3. The women of Wild Swans lived through an era of such upheaval that they were constantly being called upon to pledge allegiance to a new regime or a new leading figure, each one distant from their day-to-day lives, and each usually claiming to be more "revolutionary" or diehard than the one before. What was the effect of this disorientation? Did the women ever show a sense of political or spiritual homelessness?
4. For each of the principal figures in this book, romantic love was strictly controlled and radically circumscribed — and yet such feelings played a powerful role. How did the politicization of the deeply personal affect the lives recounted in Wild Swans? At what cost did these men and women pursue love?

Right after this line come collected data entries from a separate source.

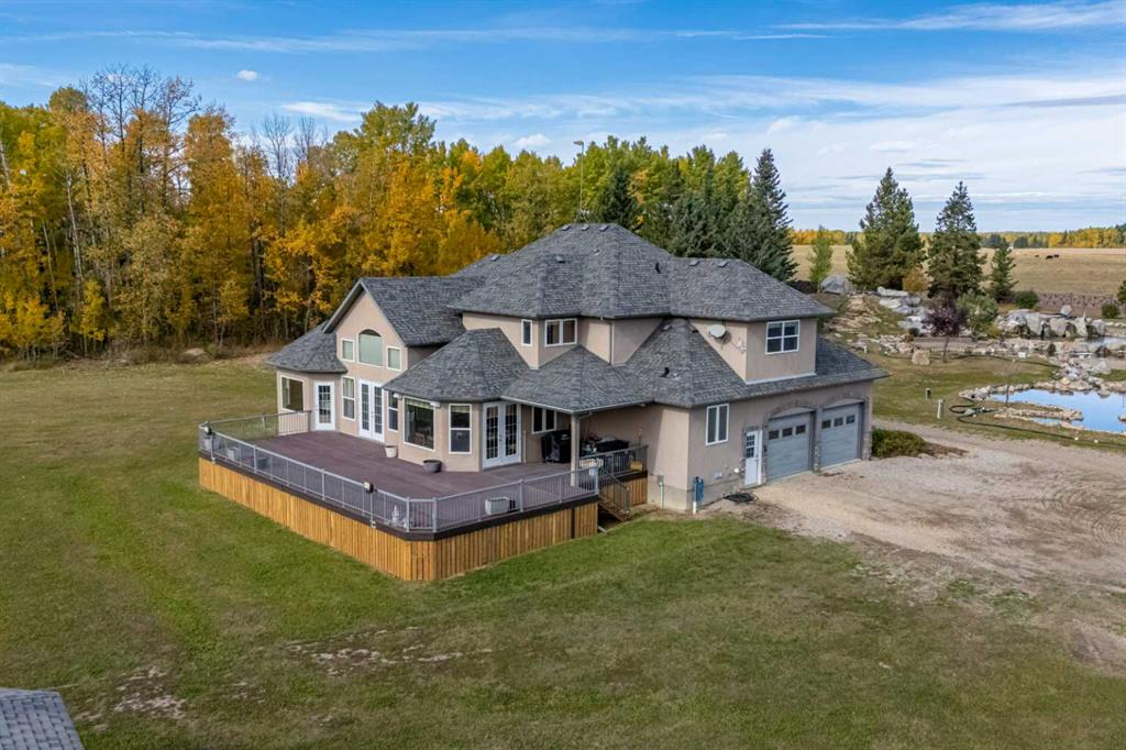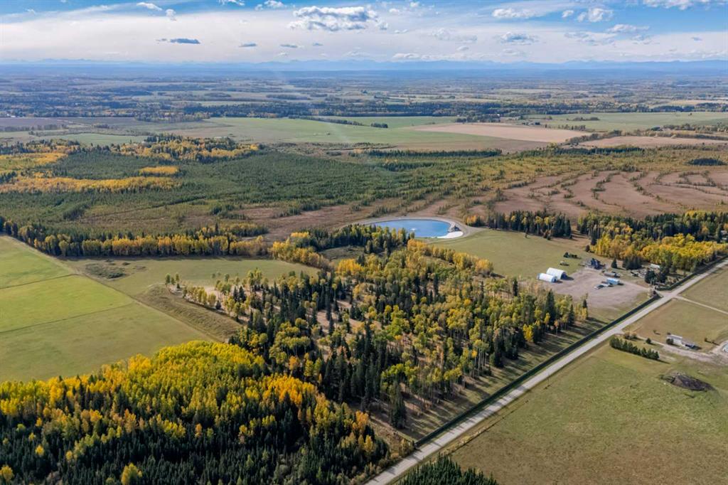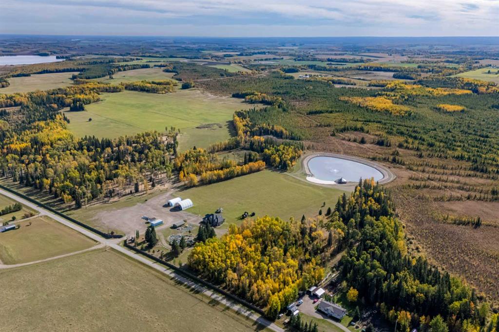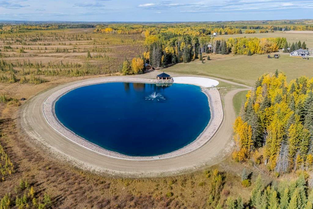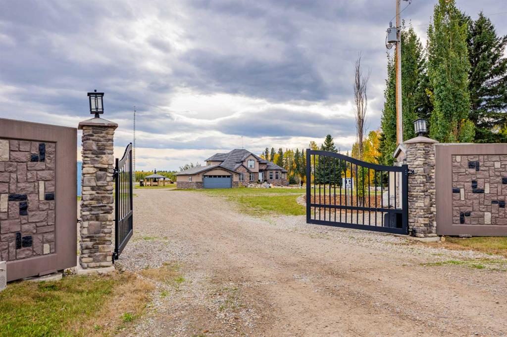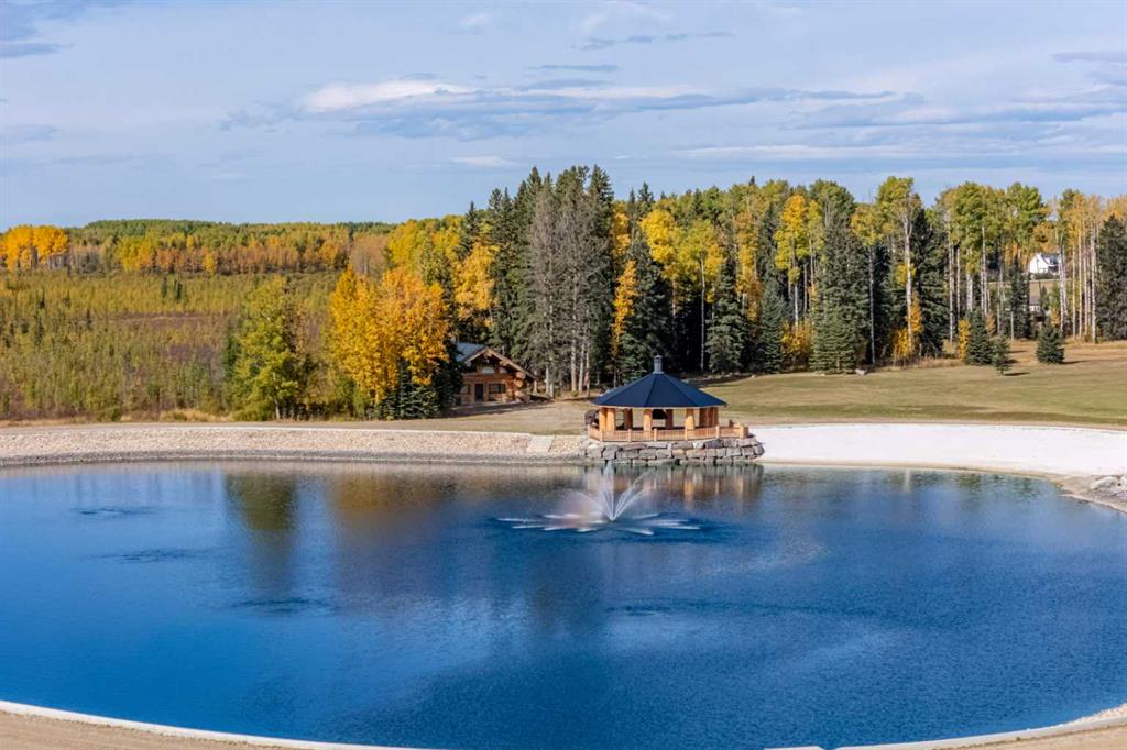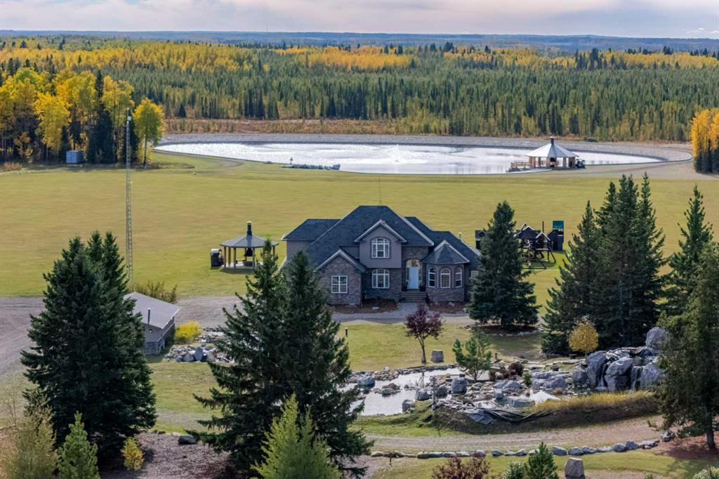 Welcome to Rocky Mountain House Retreat, where adventure awaits and possibilities are infinite. This spectacular estate encompasses all that western living has to offer, with truly unique and breathtaking amenities. Approach the property greeted by the regal stamped concrete fence and iron gate which sets the tone as an impressive entryway to the 160 awe inspiring acres held behind it. The soft babble of the front yard water feature, along with expansive views of the surrounding rolling hills, wooded areas, and personal lake greets visitors as they approach the primary residence. Over 5,500 Sq.Ft. of living space plays host to a functional living space suitable for families of any size. Enter the main floor living area greeted by soaring ceilings and large windows which deliver long views of the property and an abundance of natural light. Take in the incredible scenery of the Rocky Mountains within the main floor primary bedroom, and enjoy ample living space hosting a large walk in closet, and a spa-like five piece ensuite with a beautiful glass shower, and jetted soaker tub. Gather in the spacious kitchen featuring stainless steel appliances, sub-zero fridge, along with a surplus of counter space for prep and cabinetry for storage. Perfectly designed for hosting guests, a dining area in the kitchen along with an additional formal dining space provides an abundance of space to do so. Step directly out of the home through glass doors from both the living room and kitchen onto the expansive composite rear deck and enjoy breathtaking views from every angle. Emerge through the staircase to the lower level greeted by the pinnacle of entertainment spaces. The sumptuous wet bar serves as the anchor for this space encompassed by a billiards table, gaming area, and the perfect nook for a poker table or additional seating. Take in a movie or watch the game in the impressive theatre room complete with built-in sound, and projector system. The basement is complete with a wine cellar for the discerning sommelier, ample storage, and an additional bedroom perfect for guests. The top floor provides an additional three bedrooms along with a five piece bathroom, a perfect space for the kids. Walk across the manicured lawn and revel in all that the 160 acres of this pristine property has to offer, centred around the magnificent spring fed 6 acre lake. Enjoy swimming, paddle boarding, or laying out on the white sand beach during the summer months. Aptly stocked with 4,500 Rainbow and Brook Trout which roam the crystal clear waters year round. Lakeside, the ultimate guest house awaits. The gorgeous log structure hosts an additional 1073 Sq.Ft. of living space, and provides the utmost of charm and coziness. Two magnificent log gazebos protrude from the land with steel fire pits and chimneys, serving as incredible places to connect and gather around a fire with friends and family alike. Take advantage of the limitless opportunities of owning this truly one of a kind personal oasis.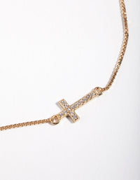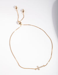 Gold plated sterling silver styles are the ultimate jewellery-box essential. Dress up your look with this stunning cubic zirconia embellished cross toggle bracelet.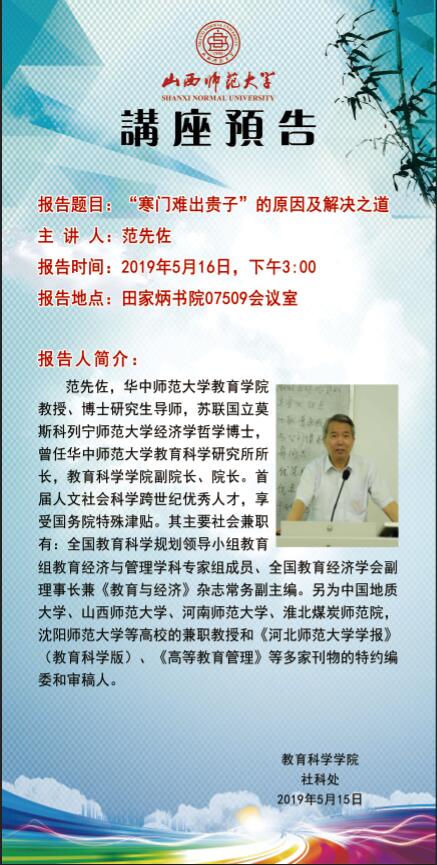 【预告】 华中师范大学范先佐教授应教育科学学院邀请来威尼斯官网作学术报告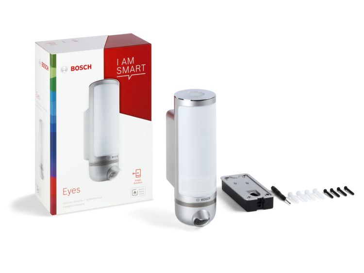 Mit der eleganten Eyes Außenkamera wissen Sie stets, was rund um Ihr Haus geschieht. Einfach an einem vorhandenen Lampenanschluss montierbar, dient sie auch als Außenleuchte mit angenehmem Stimmungslicht und integriertem Bewegungslicht. Sie lässt sich von überall per App bedienen – zuhause auch ganz bequem über den Sprachdienst Alexa. Dank intelligenter Sensoren zeichnet sie ausschließlich relevante Ereignisse innerhalb einer Reichweite von 10 Metern auf und sendet Full-HD-Videos auf Ihr Smartphone – auch bei Nacht. Der integrierte Lautsprecher und das Mikrofon ermöglichen zudem beidseitige Kommunikation zwischen Smartphone und dem Besucher vor Ihrem Haus.Integriert in das Bosch Smart Home System bietet sie als Teil des Alarmsystems noch mehr Sicherheit und Übersicht: Im Alarmfall werden alle eingebundenen Kameras aktiviert und senden Livebilder auf Ihr Smartphone.- Überwacht Ihr Grundstück und sendet bei relevanten Ereignissen Videoclips direkt aufs Smartphone

5. Familial love was also the object of close government scrutiny and control in the last century, despite the historical importance of the clan in Chinese tradition. Particularly watchful was the Communist regime, which stipulated heavy penalties for "putting family first." The key players in Wild Swans often found themselves caught in the middle between concern for their loved ones and the social and political demands placed on them. Discuss the range of ways in which they reacted to this tension.
6. Ceremony, pageantry and ritual have been important elements of Chinese culture for millennia. As the author notes, it was not uncommon even in the 20th century for a family to bankrupt themselves to put on an impressive wedding or funeral. Did prevailing attitudes about ceremony seem to change over the course of the narrative in Wild Swans? What attitudes did the individual women appear hold on the subject?
7. After the decidedly mixed Kuomintang era (not to mention the brief occupations in the North by the Soviets and Japanese), the advent of Communism was embraced by the author's parents. Soon Jung Chang herself, born during the early years of the CCP, was swept up in the widespread fervor. But seeds of doubt slowly begin to appear in the book. What do you think were the key moments in Jung Chang's and her parents' changes of heart? Why?
8. For obvious reasons, Jung Chang's tale bears the most details, reported feelings and other personal touches. Describe her psychological growth or transformation during the course of her young life. Did you feel she reported her thoughts honestly? Did you ever applaud her choices? Did you ever disapprove?
9. Wild Swans is a work of biography and autobiography with many novelistic elements. It is also, however, a valuable work of 20th-century Chinese history. What did you learn about the country from reading it? If you knew the basic outline of the history, did anything strike you freshly because of the personal narrative approach?